The main contributions of this paper are the following.

• $\mathrm{■}$

  We provide a unified overview of games related to probabilistic bisimilarity and probabilistic bisimilarity distances in the introduction of the paper.

• $\mathrm{■}$

  We argue that symmetric 0-minimal 1-maximal optimal vertex policies explain these distances.

• $\mathrm{■}$

  We develop algorithms to compute symmetric 0-minimal 1-maximal optimal vertex policies and prove them correct.

• $\mathrm{■}$

  We prove an exponential lower bound for the algorithm that computes a 1-maximal optimal vertex policy from an optimal vertex policy.

• $\mathrm{■}$

  We have implemented all algorithms in Java. The code is open-source.

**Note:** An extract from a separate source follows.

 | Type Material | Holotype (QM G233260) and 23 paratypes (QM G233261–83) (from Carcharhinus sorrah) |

Several questions remain open. For example, we conjecture that the algorithm that computes a 0-minimal 1-maximal optimal policy from a 1-maximal optimal policy also has an exponential lower bound. Determining upper bounds for both our algorithms is left for future work.

In [53], Vlasman introduced two properties of policies, label conflict and probabilistic bisimilar conflict, argued that policies free of such conflicts are desirable for explaining probabilistic bisimilarity distances, and presented algorithms to remove such conflicts from optimal policies. We have already shown that 1-maximal optimal policies are free of label conflicts (see [43]). It is an open problem whether a 0-minimal 1-maximal optimal policy is free of probabilistic bisimilar conflicts. We conjecture that “transitivity” of policies, which seems closely related to the fact that probabilistic bisimilarity distances satisfy the triangle inequality, may play a role in tackling that problem. Apart from symmetry and “transitivity,” it could be worthwhile exploring other forms of structure of policies to further reduce the complexity of the explanation.

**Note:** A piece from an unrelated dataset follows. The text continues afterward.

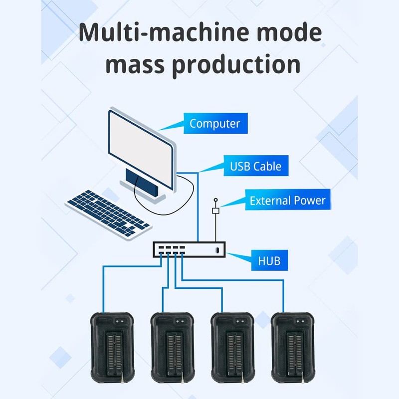 - Self-test function, self-test each pin of VPP/VCC/GND/IO * Suitable for developers and maintenance personnel, can do small batch production for high capacity chips, support simultaneously working with 4 programmers on each computer. *Support operating systems: Windows XP,2003,2008,Vista Win7 WIN8 WIN10 WIN11

We conjecture that the policy iteration algorithm of [51, Section 6.2], as well as Algorithm 1 and 2 can be modified so that they maintain that the policy is symmetric as a loop invariant. This may allows us to restrict our attention to only half of the state pairs currently being considered in the algorithm.

As we mentioned in the introduction, our game can be viewed as a Markov decision process presented by Tang in [51, Section 5.3]. Several definitions and results can be expressed in the parlance of Markov decision processes. For example, the function ${\mathrm{\Delta }}_1$ presented in Definition 2.5 can be seen as a Bellman equation (see, for example, [45, Section 4.3]) – note that a slight generalization of ${\mathrm{\Delta }}_1$ was already defined in, for example, [7, Definition 15], which predates Tang’s presentation of the Markov decision process by more than a decade. Similarly, for a policy $P$ and a state pair $(s,t)$, $P(s,t)$ can be seen a decision rule and Proposition 3.7 then characterizes a conserving decision rule (see, for example, [45, Section 6.2.4]).

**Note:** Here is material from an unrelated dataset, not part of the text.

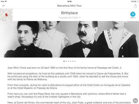This is a mobile application created by the Fundació Joan Miró in Barcelona. We propose an approximation to some of public works by Joan Miró and the possibility of exploring Barcelona by touring the places in which the artist lived.

Our results are related to the work of Busatto-Gaston et al. [8]. They consider bi-objective problems on Markov decision processes. In particular, they minimize the (conditional) expected number of steps to a target while guaranteeing the maximal probability of reaching it. In this paper, we consider three objectives (optimal, 1-maximal, and 0-minimal). They propose a simple two-step pruning algorithm. Our algorithms show similarities to their algorithm. For example, Definition 5.4 corresponds to pruning the Markov decision process by restricting to couplings $\omega$ that satisfy ${\delta }_1(s,t)=\omega \cdot {\delta }_1$. Since the size of the Markov decision process representing our game may be exponential in the number of states of the labelled Markov chain, we do not explicitly construct the Markov decision process, nor do we explicitly prune it.

The aim of our work is to provide a human-interpretable explanation of probabilistic bisimilarity distances. According to Theorem 3.3, for a policy $P$ we have that ${\delta }_{1P}$ provides an upper bound for ${\delta }_1$. As a result, a policy can also be viewed as a certificate (see, for example, [2] for work on certificates for Markov decision processes) for an upper bound of the probabilistic bisimilarity distances. In this case, we would aim for a small policy $P$ so that ${\delta }_{1P}$ can be computed quickly. We consider this an interesting line of future work.